Muitas vezes o corpo emocional (ou inteligência emocional) não se acha capaz para vencer. Mas na verdade, nós temos muito mais potencial do que conseguimos colocar em prática, mas o corpo emocional, fragilizado, interfere, impedindo nossa real performance.
É por isso que muitos racionalizam e criam a dicotomia entre mente e emoção, colocando esta última como um sentimento daninho. Muito pelo contrário, a emoção não atrapalha e nem prejudica. É a nossa maior força, porque faz ocorrer eventos magistrais. Os recordes são batidos sob a égide da emoção.

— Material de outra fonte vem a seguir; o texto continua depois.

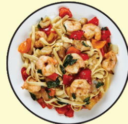
Gulf Coast Shrimp Fettuccine $16.00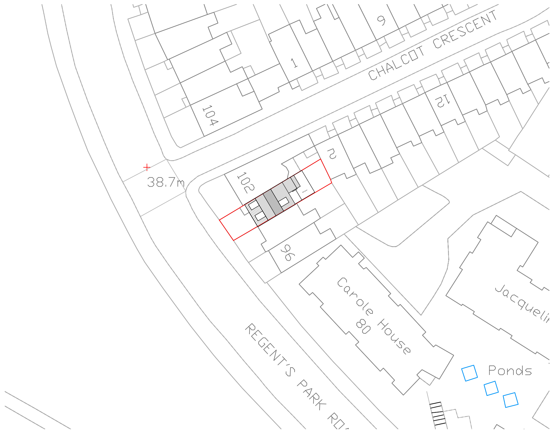
1:500 Site Location Plan

O corpo emocional desenvolvido é o divisor de águas de quem ganha e de quem perde. Na prática, isto reside na autoconfiança e na crença em si. O poder de acreditar faz com que apliquemos um grande potencial de nossas possibilidades.
Pelé: um gênio emocional
O Pelé tinha um talento natural, era um grande gênio emocional. Ele maximizava todas as suas potencialidades. Ele simplesmente entrava no campo e, naturalmente, com emoção e felicidade, aplicava o que sabia. Não jogava contra si. Fazia apenas o que ele sabia fazer bem, aproveitando a emoção no sentido positivo para potencializar suas possibilidades, melhorando sua performance. Não empreendia mais do que era possível.
O grande problema somos nós que, muitas vezes, jogamos somente com o objetivo da vitória e não com o ato de, simplesmente, fazer com prazer o que sabemos. O sucesso e a vitória são conseqüências naturais do nosso pensamento, nos conduzindo com emoção à realização suprema.
No treino, os jogadores fazem jogadas tecnicamente perfeitas e, na hora do jogo, erram o canto de chutar a bola, a intensidade do chute... em função de estarem numa luta mental contra si, numa busca desesperada pela vitória. Temos que lembrar que o adversário não pode 'entrar' em sua mente. Só você tem esse talento. Não se esqueça, tudo na vida depende exclusivamente de você.
Para se ter a solidez emocional, é preciso antes de tudo se divertir. Você tem que fazer o que sabe, para fazer o melhor que pode. Fazendo com que não haja uma interferência contra o seu ato.
Na vida, o cidadão tem que ser seu amigo, jogar no seu time.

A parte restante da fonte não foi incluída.